Start of DATA FOR THE TASK

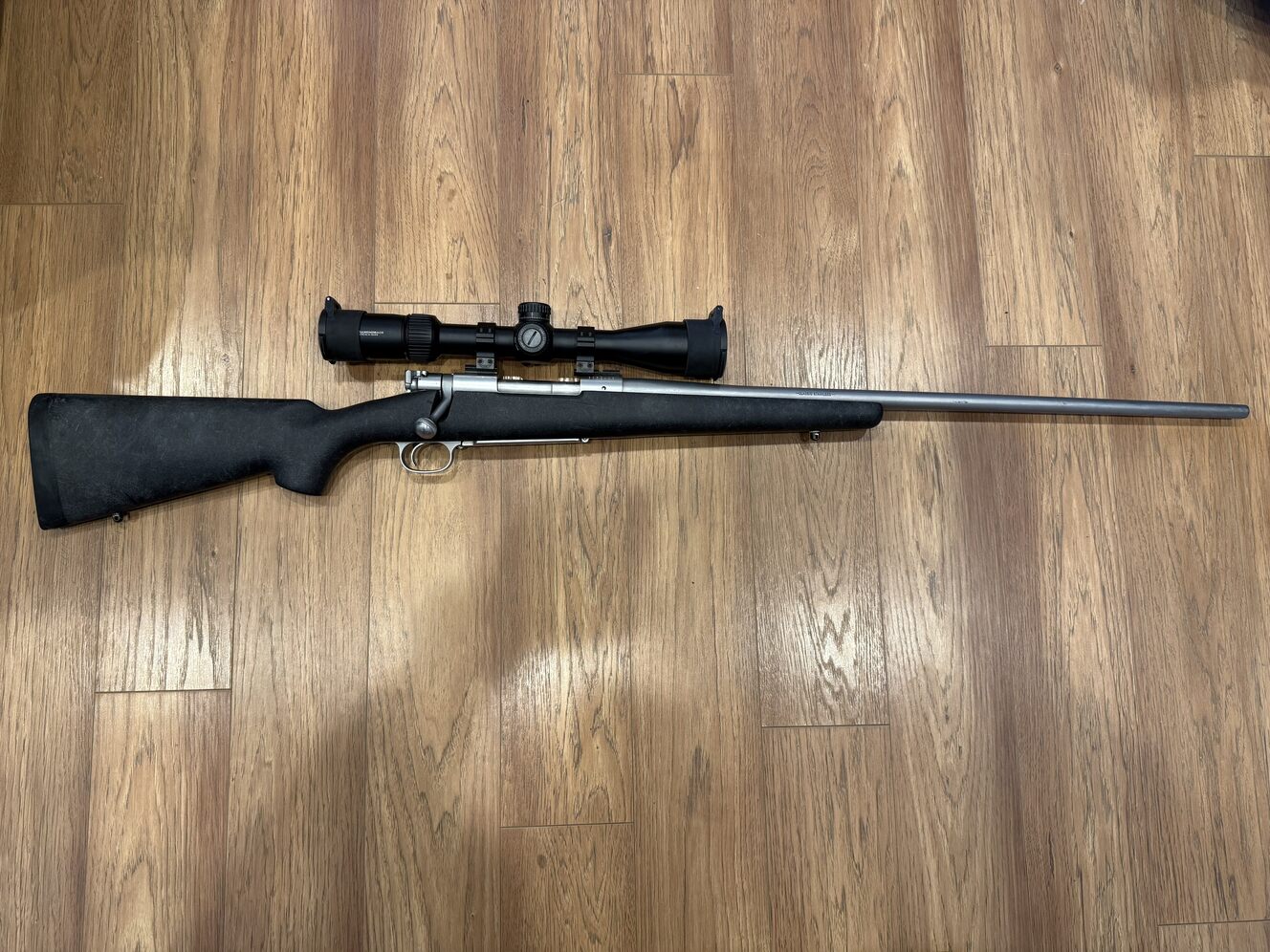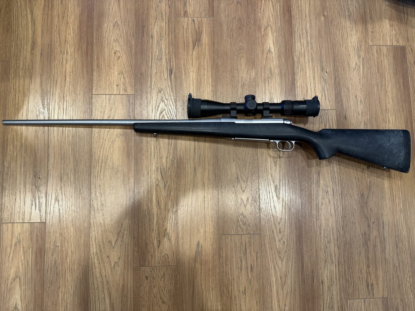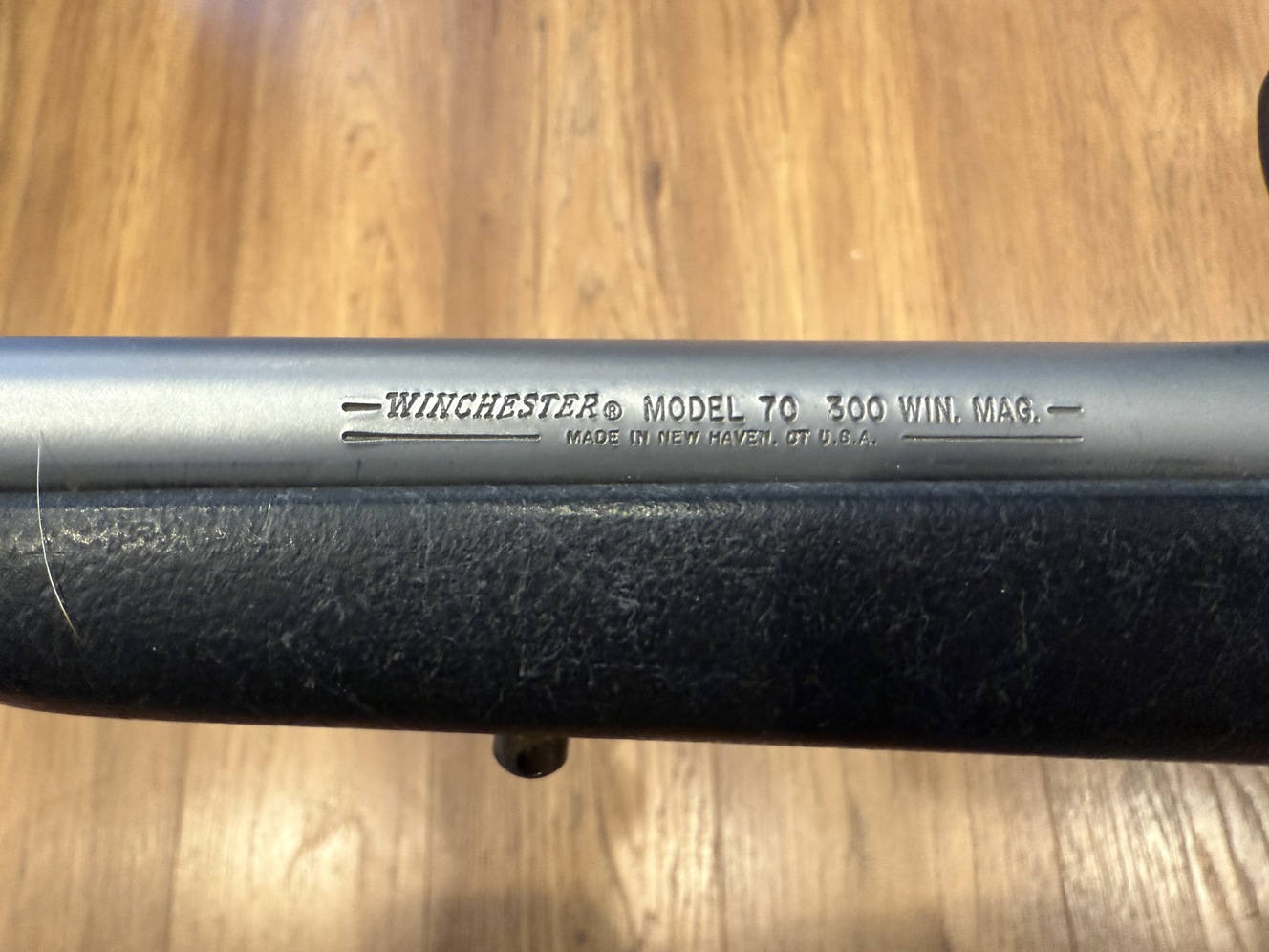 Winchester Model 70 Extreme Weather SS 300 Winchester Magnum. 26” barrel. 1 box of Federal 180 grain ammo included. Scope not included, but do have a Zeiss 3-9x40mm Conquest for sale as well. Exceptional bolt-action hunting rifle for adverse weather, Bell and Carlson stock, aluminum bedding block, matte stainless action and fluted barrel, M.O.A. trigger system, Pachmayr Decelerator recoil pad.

End of DATA FOR THE TASK
Start of DATA FOR THE TASK

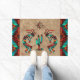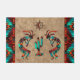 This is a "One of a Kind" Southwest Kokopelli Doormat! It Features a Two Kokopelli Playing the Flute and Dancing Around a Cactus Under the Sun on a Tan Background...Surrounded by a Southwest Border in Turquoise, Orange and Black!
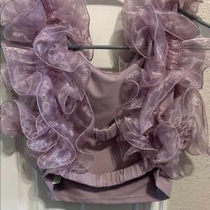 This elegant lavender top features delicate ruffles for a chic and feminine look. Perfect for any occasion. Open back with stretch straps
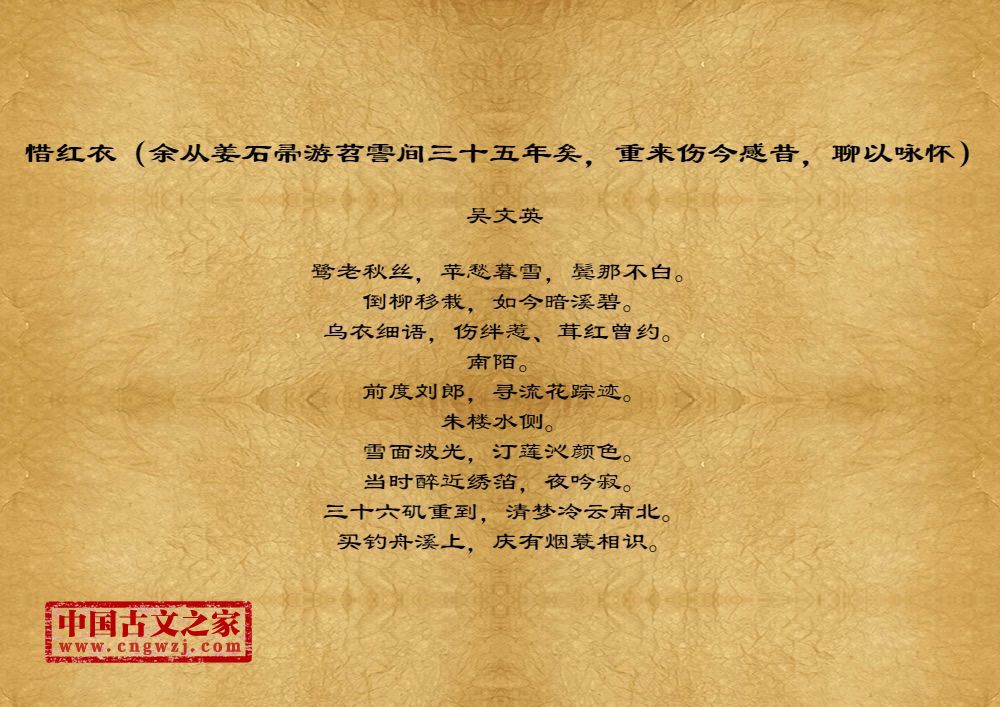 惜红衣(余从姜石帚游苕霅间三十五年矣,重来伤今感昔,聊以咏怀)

End of DATA FOR THE TASK

AIM OF THE EXERCISE:
Copy only this from above: the line containing "Orange and Black!", the line containing "惜红衣(余从姜石帚游苕霅间三十五年矣,重来伤今感昔,聊以咏怀)", and all lines between, printed exactly. Leave out the pictures.

RESPONSE AREA:
 This is a "One of a Kind" Southwest Kokopelli Doormat! It Features a Two Kokopelli Playing the Flute and Dancing Around a Cactus Under the Sun on a Tan Background...Surrounded by a Southwest Border in Turquoise, Orange and Black!
 This elegant lavender top features delicate ruffles for a chic and feminine look. Perfect for any occasion. Open back with stretch straps
 惜红衣(余从姜石帚游苕霅间三十五年矣,重来伤今感昔,聊以咏怀)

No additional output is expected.